Родная его обитель чем-то походила на земную поверхность: стандартные дома, автобусы, троллейбусы, очереди в магазинах, спешка несущихся куда-то бывших жителей земли, нагруженных сумками. Однако здесь все было лишено смысла - строящиеся дома тут же разваливались, их снова начинали возводить незадачливые строители, а дома опять рушились, превращаясь в груду развалин. Некоторые дома еще стояли, но в них велся бесконечный ремонт, а в магазины, помещавшиеся в первых этажах этих домов, завозили продукты, которые тут же с заднего хода расхватывали те, кто привык это делать и на земле, только здесь это были не продукты, а видимость одна, подобие продуктов, которые нужно было поедать сразу, давясь, заглатывая целыми кусками, и так, не останавливаясь, целую вечность. А в самих магазинах кружили от прилавка к кассе и опять к прилавку и опять к кассе, сгибаясь под тяжестью сумок, те, кто на земле никогда не знал, что такое очередь и каково ощущение, когда целью жизни становится единственное стремление добыть для семьи пищу. Они дрались у прилавков и касс, отталкивали друг друга, ругались, ненавидели соседа. А по улицам или подобиям улиц (тут не было никакой естественной растительности, а были только искусственные палки с искусственными ветвями, которые отпиливали садовники точно так же, как отпиливали они живые ветви на земле у тополей, превращая женские особи в мужские), по этим улицам ходили прохожие, которые на земле никогда не знали мук совести, а здесь мучились, совесть терзала их, корежила. Это выдумки, будто бы души покинувших землю людей бестелесны, увы, я свидетельствую, что и тут, в потустороннем мире, человек или, вернее сказать, его душа сохраняет свой прежний облик. Впрочем, это не тело, а нечто неосязаемое, нечто не материальное, но и материальное в то же время, оболочка, у которой оставлены все чувства и ощущения для того, чтобы испытывать адские муки, о которых нас предупреждали на земле церковнослужители.

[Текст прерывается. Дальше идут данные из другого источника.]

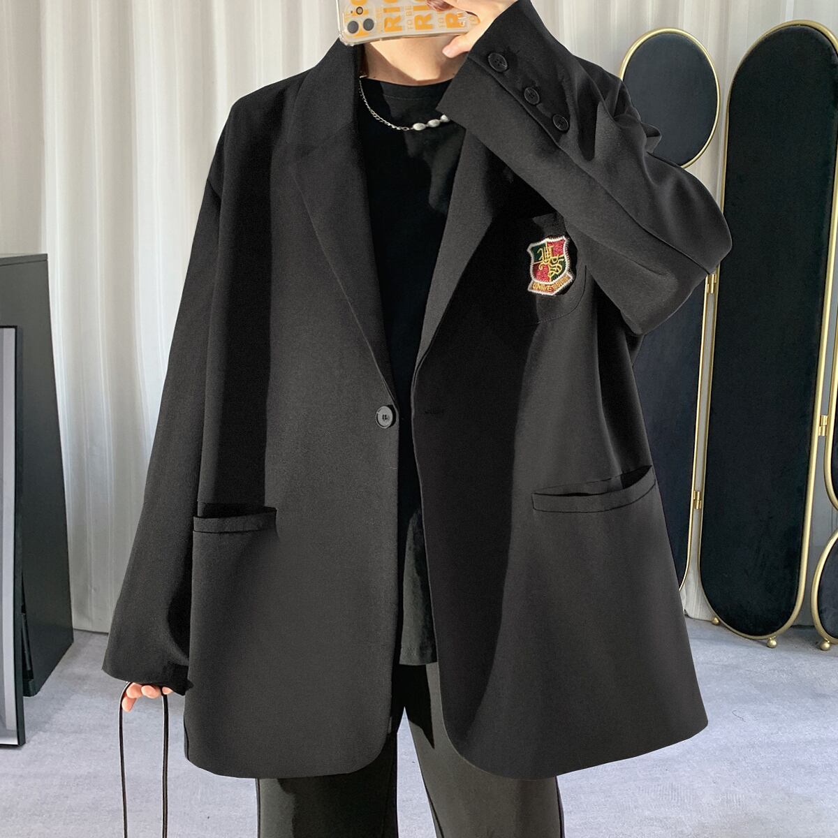 ジャケット ルーズスプリングオータムカジュアル ロング レッド 刺繍 大きめサイズ 春物 秋物 ヨーロピアン ASURAプラスサイズメンズ42040793038

Молодого красавца звали очень трудным для земного уха именем - Йыннедежорвтяседьмесмомьдесиинелокопрахасен, или, сокращенно, просто Рахасен. Здесь, в подземном мире, сегодня было не так душно, как на земле, котельная ремонтировалась третий месяц, что равно земному времени… Впрочем, невозможно провести какую-то параллель с земным временем, тут иное время, его словно и нет, хотя вроде и есть, оно словно неподвижно и движется по своим законам, тут ведь нет смерти, хотя есть для коренных жителей этого мира, исполняющих волю Трижды Величайшего, рождение, оно, время, движется тут и в прошлое, и в будущее. Однако кто знает, куда течет время на земле - в прошлое или в будущее?
Рахасен был молод, он родился не так давно, тогда, когда Трижды Величайший посетил землю, чтобы самому взять душу Адуи, человека, презревшего и Трижды Величайшего и Сотворившего, Не Имеющего Имени, Который Везде и Нигде.

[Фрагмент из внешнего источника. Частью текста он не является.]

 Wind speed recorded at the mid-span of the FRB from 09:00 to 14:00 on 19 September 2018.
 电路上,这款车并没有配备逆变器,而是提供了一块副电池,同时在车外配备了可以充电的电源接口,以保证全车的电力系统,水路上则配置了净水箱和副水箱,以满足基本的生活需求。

Рахасен вошел в подъезд своего дома и услышал голос маменьки, напевавшей песенку, прославляющую Трижды Величайшего. Маменька следила, как в огромном котле варились, мучаясь, и никак не могли свариться и избавиться от вечных мук души каких-то грешников, они тут давно варились, так давно, что и сами не знали, за что мучаются, да и никто этого уже не знал, кроме, быть может, заведующего канцелярией, архивариуса Чалапа, у которого имелось на каждого личное дело, хранящееся в особом сейфе.
- Маменька, - радостно крикнул Рахасен, - я все сделал…
- Не ори, - сказала маменька. Она была худа, элегантна, одета в длинное, прикрывающее ее несколько волосатые ноги розовое платье и курила несгораемую вечную сигарету, чадящую, как земной завод. Грешникам, которые мучились в котле, приходилось вдыхать еще и удушающий дым этой сигареты. - Не ори, - повторила маменька. - Ты ведь знаешь, я не переношу крика, у меня и без тебя нервы издерганы. У других дети как дети, а ты…
- Ах, маменька, так там интересно!
- Ты выполнил волю Трижды Величайшего? Или нет? - испуганно спросила маменька.
- Выполнил, не беспокойся… Но послушай, маменька, там у женщин печальные глаза. Это называется жалостью. Жалость, маменька, может ранить… Служительница отдавшего мне душу так и смотрела на меня…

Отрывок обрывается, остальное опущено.